Content developers for Google Help pages in the United States, employed by both Google and subcontractor Accenture, have voted by a significant margin to join the Alphabet Workers Union-CWA. The 26-2 vote comes after the workers publicly declared their intent to unionize in June and faced retaliatory layoffs, impacting more than 80 of the 119 unionized workers.
The election results, certified by the US’s National Labor Relations Board (NLRB), is a landmark victory in the workers’ struggle against Google and Accenture’s union-busting. In August, following mass layoffs, the Alphabet Workers Union-CWA filed a complaint with the NLRB alleging illegal retaliation for organizing.
“Today’s victory proves what’s possible: when workers stand together, even Google cannot stand in our way. We organized so that we could have a say in our working conditions. In response, Google has tried to skirt its responsibility to us as our employer, while also laying off dozens of our team members. It is unjust that our jobs are being shipped off to workers who will be paid even less than us, and will have access to even fewer labour protections. We’re proud to win our union election today and will continue to organize until we receive our fair share. Google, we look forward to seeing you at the bargaining table soon,” said Jen Hill, Google Help Designer and member of the Alphabet Workers Union-CWA.

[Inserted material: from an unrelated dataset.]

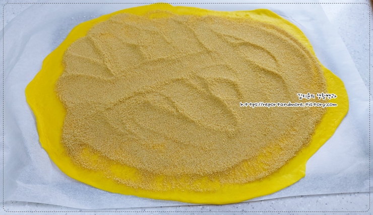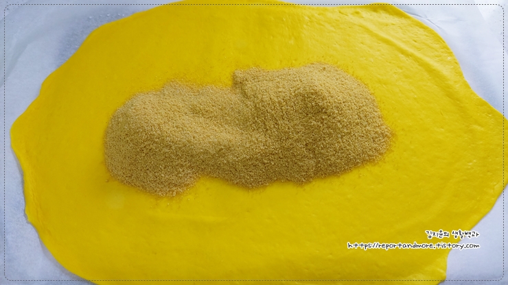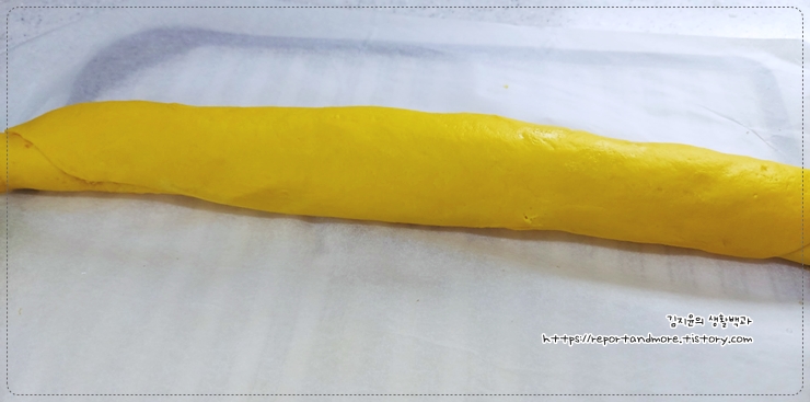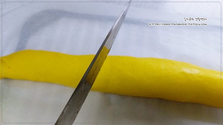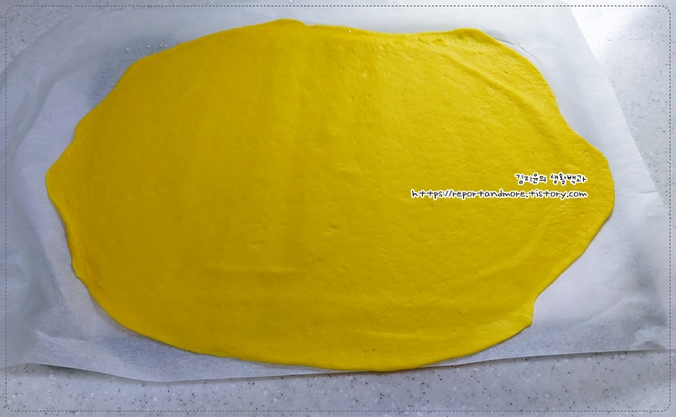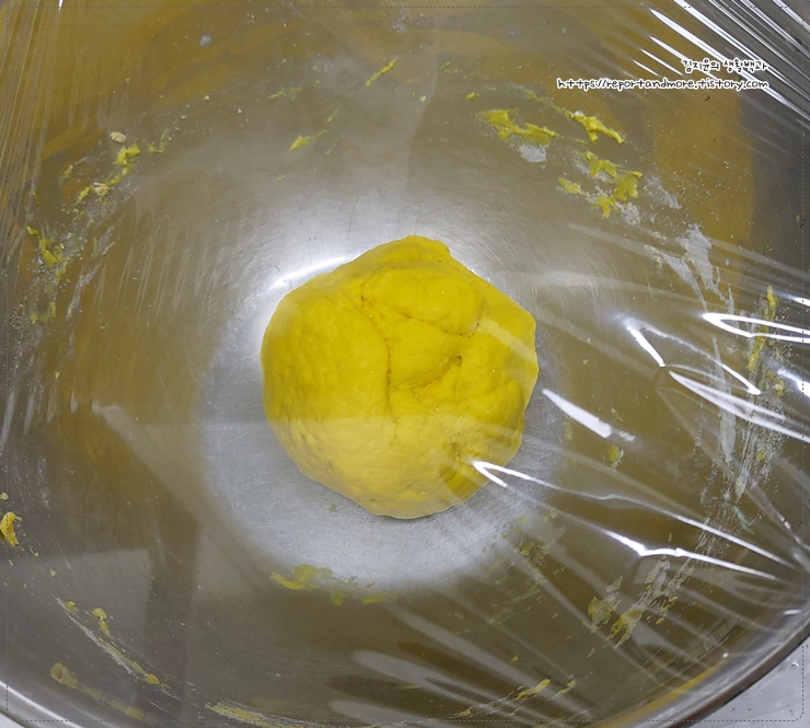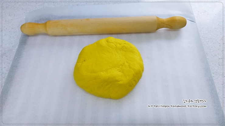 아무 생각 없이 초당옥수수 호떡믹스를 꺼냈더니, 노란색이 되었군요.

When asked about Google’s decision to lay off recently unionized Google Help workers at an NLRB hearing, a Google manager shared that the company’s standard practice is to first incubate work in the US and then offshore the projects. As removing US-based jobs is “standard practice” for Google, it is essential that workers organize in order to establish legal protections from future layoffs.
“This election is a testament to the power of collective action,” said Ben Parton, UNI Global Union’s ITCS sector head. “This victory is not just for them; it’s for all tech workers striving for better working conditions and fair treatment. Google’s statements about offshoring work show not only how important organizing is for US workers but also why it is necessary to organize throughout the company’s value chains and operations.”
The workers’ initial unionization efforts centered around improving pay and benefits, securing job stability, and addressing concerns over involuntary assignments to projects like Google Bard, the company’s AI chat bot, without adequate training or support, particularly when handling sensitive material.
The success of this union drive follows a similar victory by YouTube Music workers, also represented by AWU-CWA. Google has since said it intends to not engage in collective bargaining, challenging the NLRB’s mandate.
The Alphabet Workers Union-CWA is urging Google to cease its stalling tactics, adhere to U.S. labour laws, and come to the bargaining table. The union, part of Communications Workers of America, currently represents over 1,400 workers across Alphabet entities.